▶ _Instructions to follow_
From the first line of the data through the line containing "2、解鎖界面:解鎖界面開始變", transcribe each line exactly. Pictures do not belong in the copy.

▶ _Data extracts_

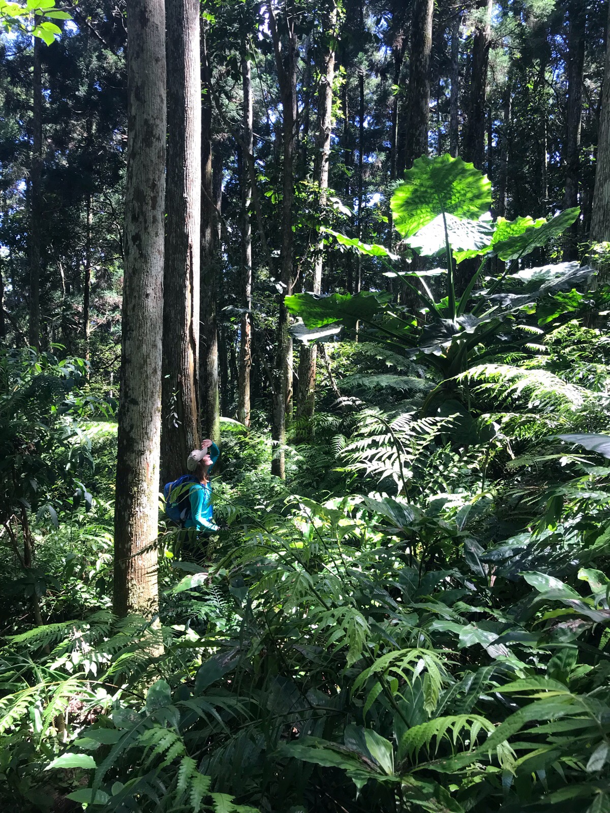 I have to impress upon you just how beautiful the forest is here. I know Taiwan has a lot of beautiful forests, but this was breathtakingly so. When we are walking, Teresa will stop to great every single animal we pass, but what stops me is the amazing plant life. This giant elephant ear plant was nearly three times my height.
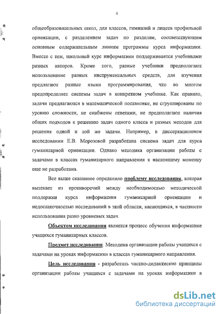 Цель исследования - разработать частно-дидакхиские принципы организации работы учащихся с задачами на уроках информатики в классах гуманитарного направления и на ее основе разработать соответствующую методику,
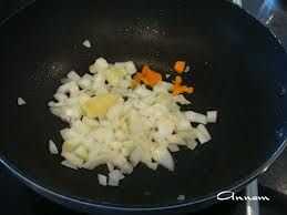 Agregar 200 g de rodajas de cebolla, manzana 250 g y 100 gm picado jengibre y cocine por unos minutos.
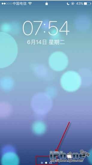 2、解鎖界面:解鎖界面開始變化了,在iOS10解鎖中一個有三個界面,取消了滑動解鎖,時間/日期字體加粗,狀態欄中間增加了一把鎖的圖標。向右劃從緊急呼叫變為通知中心的今天頁面!向左劃是相機功能。
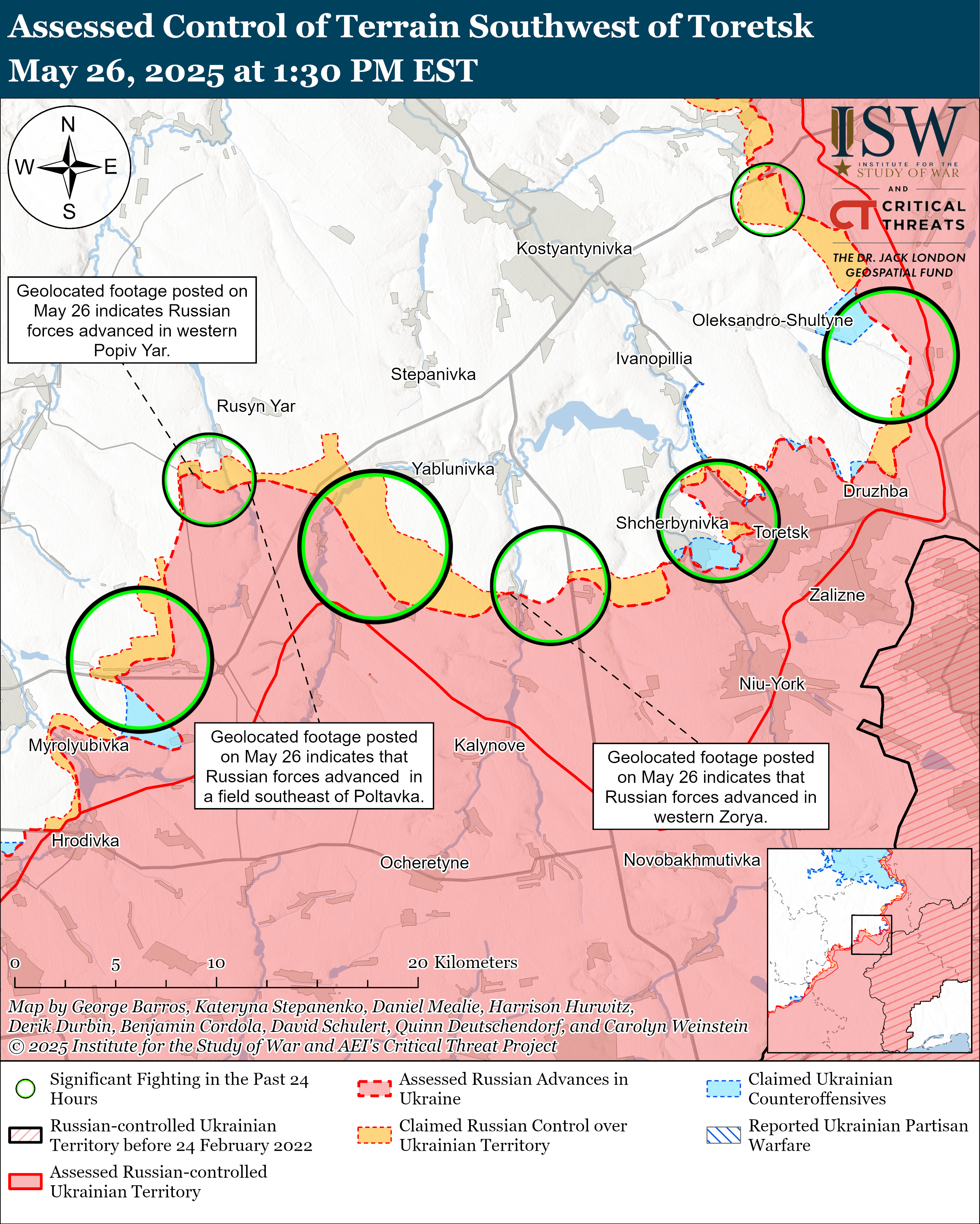Assessed Russian advances: Geolocated footage published on May 26 indicates that Russian forces recently marginally advanced to central Popiv Yar and in the fields southeast of Poltavka (both west of Toretsk).[71] Additional geolocated footage published on May 26 shows Russian forces engaging with civilians in Zorya (southwest of Toretsk), including that Russian forces have likely seized the settlement and that Ukrainian forces are not contesting the settlement.[72]

▶ _Task response_
 I have to impress upon you just how beautiful the forest is here. I know Taiwan has a lot of beautiful forests, but this was breathtakingly so. When we are walking, Teresa will stop to great every single animal we pass, but what stops me is the amazing plant life. This giant elephant ear plant was nearly three times my height.
 Цель исследования - разработать частно-дидакхиские принципы организации работы учащихся с задачами на уроках информатики в классах гуманитарного направления и на ее основе разработать соответствующую методику,
 Agregar 200 g de rodajas de cebolla, manzana 250 g y 100 gm picado jengibre y cocine por unos minutos.
 2、解鎖界面:解鎖界面開始變化了,在iOS10解鎖中一個有三個界面,取消了滑動解鎖,時間/日期字體加粗,狀態欄中間增加了一把鎖的圖標。向右劃從緊急呼叫變為通知中心的今天頁面!向左劃是相機功能。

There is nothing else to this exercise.